Extended data 5. Expression of markers of the different EMT states in control and NP137-treated skin SCCs.

a, b, UMAP plots coloured by normalized gene expression values for the indicated genes in the control (a) and treated samples (b). Gene expression values are visualized as colour gradient with grey indicating no expression and red indicating the maximum expression. Circles represent TCs groups with a different degree of EMT based on the expression of Epcam, Krt14, Krt8, Vim, Pdg fra (green: Epcam+/Krt14+/Vim- as epithelial state; orange: Epcam-/Krt14+/Vim+ as early hybrid EMT state; red: Epcam-/ Krt14-/Krt8+/Vim+ as late hybrid EMT state; dark red: Epcam-/Krt14-/Krt8-/ Vim+ as late full EMT state expressing Pdg fra and Aqp1). c, Barplot depicting the relative log fold change of the relative abundance of the different EMT states after NP137-treatment compared to the early hybrid state. Significant proportion changes are indicated by FDR < 0.2.

Extended data 6. Histological analysis of the control and NP137-treated tumors.

a-d, Haematoxylin and Eosin staining showing the control (n = 1) (a,b) or NP137-treated (n = 1) (c,d) tumour skin SCC analysed in Visium spatial transcriptomic method. The annotated areas represent the EMT states previously defined by the expression of Epcam, Krt14, Krt8 and Vim (1: epithelial, 2: early hybrid, 3, late hybrid, 4: full late EMT) (scale bars in a, c, 500 μm, scale bars in b, 20 μm).

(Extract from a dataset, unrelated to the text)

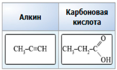 Задание 13. Из приведённого перечня выберите алкин и карбоновую кислоту. Переместите с помощью компьютерной мыши выбранные формулы в соответствующие ячейки.
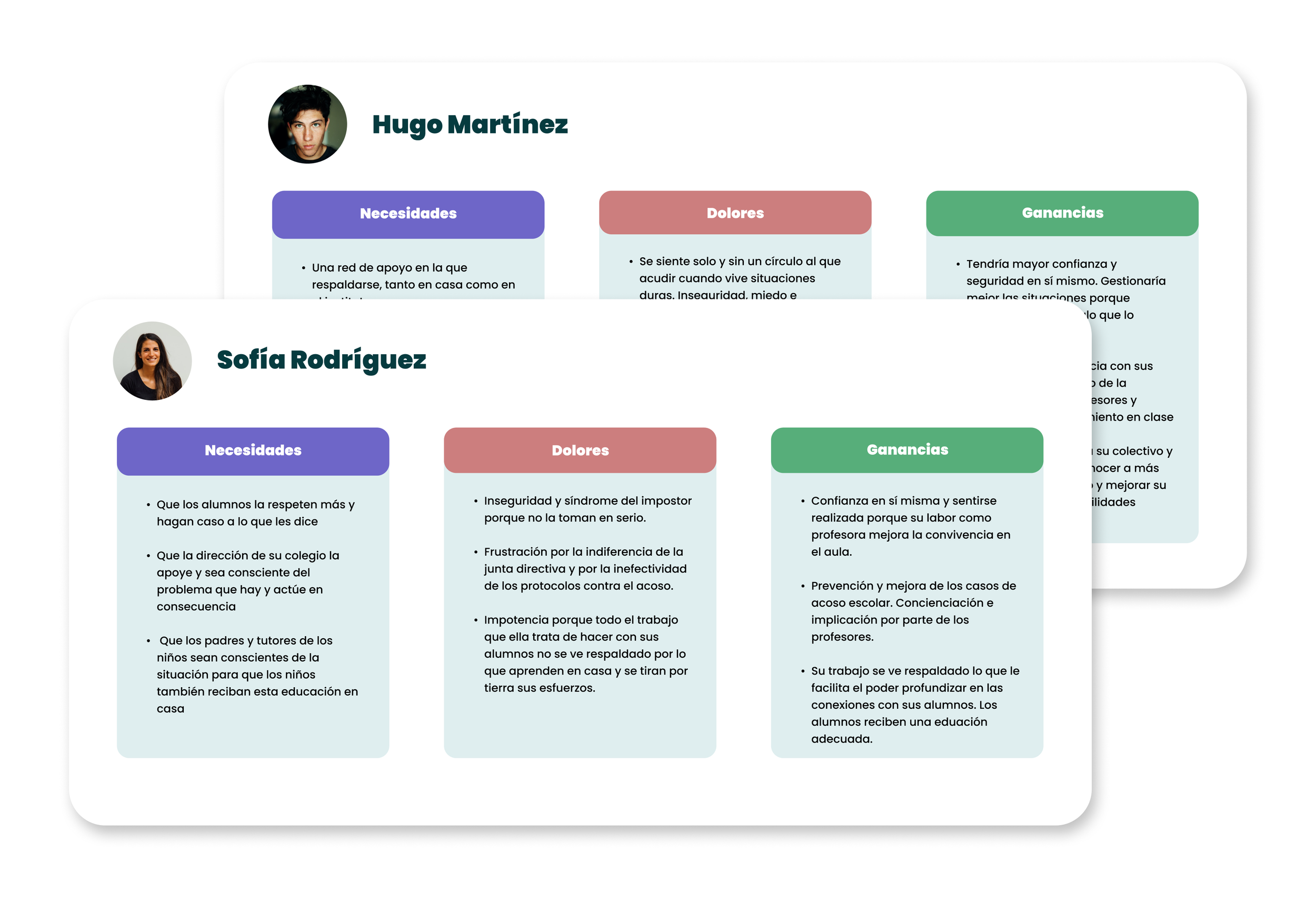 En esta fase, el objetivo es tomar toda la información recopilada durante la fase de "Observar" y organizarla en una comprensión más clara y significativa del problema. Se trata de un proceso de análisis y síntesis de la información para identificar patrones, tendencias y oportunidades de diseño. Desarrollamos las Personas de Sofía, una profesora que trata de colaborar en su instituto para mejorar la convivencia entre sus alumnos, y de Hugo, un alumno que sufre bullying por parte de sus compañeros debido a su orientación sexual. De esta forma, conseguimos empatizar con el usuario y concretar sus necesidades para más tarde poder implementarlas en nuestro diseño.

Extended data 7. Analysis of NP137 treatment on tumour growth, EMT and migration in endometrial human cancer cell line.

a, Tumor growth quantification of human Ishikawa endometrial carcinoma cells grafted in nude mice treated with either control (n = 9) or NP137 (n = 9) (mean ± s.e.m., 2-way ANOVA). b, Relative mRNA expression of epithelial markers CDH1, MUC1 and HOOK1 by qRT-PCR in Ishikawa human cells grafted in nude mice treated with control (n = 7) or NP137 (n = 8) (data are normalized to HPRT gene, mean +/- s.e.m., two tailed Mann-Whitney U test). c, Percentage of migrated Ishikawa cells treated with NP137 relative to the migration of control condition through serum deprived culture medium complemented with 2.5% Matrigel between 5 and 24 h of invasion. (n = 3) (mean ± s.e.m, two tailed t test).

Data Availability Statement

All raw data sequencing data for mouse RNA-seq, single cell RNA-seq and 10x Visium have been deposited in the gene expression Omnibus with the following accession number: GSE234267. Source data are provided with this paper.